By Nick Starkov
KYIV (Reuters) – The head of Russia’s Wagner mercenary force warned that Russia’s position around the eastern Ukrainian city of Bakhmut was in peril unless his troops got ammunition, the latest sign of tension between the Kremlin and the private militia chief.
Ukrainian military officials and analysts also reported leaders of Russia’s 155th Brigade fighting near the town of Vuhledar, south of Bakhmut, were resisting orders to attack after sustaining severe losses in attempts to capture it.
For its part, the Russian Defence Ministry on Sunday said Russian forces had hit a command centre of the Ukrainian Azov Regiment in southeastern Zaporizhzhia region. The ministry did not elaborate on the attack.
Reuters could not independently verify the battlefield accounts.
Wagner chief Yevgeny Prigozhin said Russia’s front lines near Bakhmut would could collapse if his forces did not receive the ammunition promised by Moscow in February.
“For now, we are trying to figure out the reason: is it just ordinary bureaucracy or a betrayal,” Prigozhin, referring to the absence of ammunition, said in his press service Telegram channel on Sunday.
The mercenary chief regularly criticises Russia’s defence chiefs and top generals. Last month, he accused Defence Minister Sergei Shoigu and others of “treason” for withholding supplies of munitions to his men.
In a nearly four-minute video published on the Wagner Orchestra Telegram channel on Saturday, Prigozhin said his troops were worried that the government wanted to set them up as possible scapegoats if Russia lost the war.
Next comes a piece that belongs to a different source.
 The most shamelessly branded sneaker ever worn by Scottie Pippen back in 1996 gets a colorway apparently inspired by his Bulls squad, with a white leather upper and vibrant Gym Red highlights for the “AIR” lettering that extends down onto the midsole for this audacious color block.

“If Wagner retreats from Bakhmut now, the whole front will collapse,” Prigozhin said. “The situation will not be sweet for all military formations protecting Russian interests.”
‘DEFENCE IS HOLDING’
A Russian victory in Bakhmut, with a pre-war population of about 70,000, would give it the first major prize in a costly winter offensive, after it called up hundreds of thousands of reservists last year. Russia says it would be a stepping stone to completing the capture of the Donbas industrial region, one of its most important objectives.
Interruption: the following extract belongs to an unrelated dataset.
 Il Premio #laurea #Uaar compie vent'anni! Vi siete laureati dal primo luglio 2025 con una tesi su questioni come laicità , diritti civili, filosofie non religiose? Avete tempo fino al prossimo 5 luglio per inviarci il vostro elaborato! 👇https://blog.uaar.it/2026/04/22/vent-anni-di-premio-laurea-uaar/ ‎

Volodymyr Nazarenko, a commander of Ukrainian troops in Bakhmut, said that there had been no order to retreat and “the defence is holding” in grim conditions.
“The situation in Bakhmut and around it is very much hell-like, as it is on the entire eastern front,” Nazarenko said in a video posted on Telegram.
Ukraine’s military said late on Sunday said Russian forces were attempting to advance on Bakhmut, shelling the city and nearby settlements of Ivanivske, Chasiv Yar, Kurdyumivka and Orikhovo-Vasylivka.
“The situation in Bakhmut can be described as critical,” Ukrainian military analyst Oleh Zhdanov said in a video commentary.
To the north, Russian troops advanced towards the town of Bilohorivka, just inside the Luhansk region, and shelled several settlements in the direction of Kupiansk and Lyman, the Ukrainian military said.
Further south, it said Russian forces made preparations for an offensive in the Zaporizhzhia and Kherson regions, shelling dozens of towns and villages including the city of Kherson, causing civilian casualties.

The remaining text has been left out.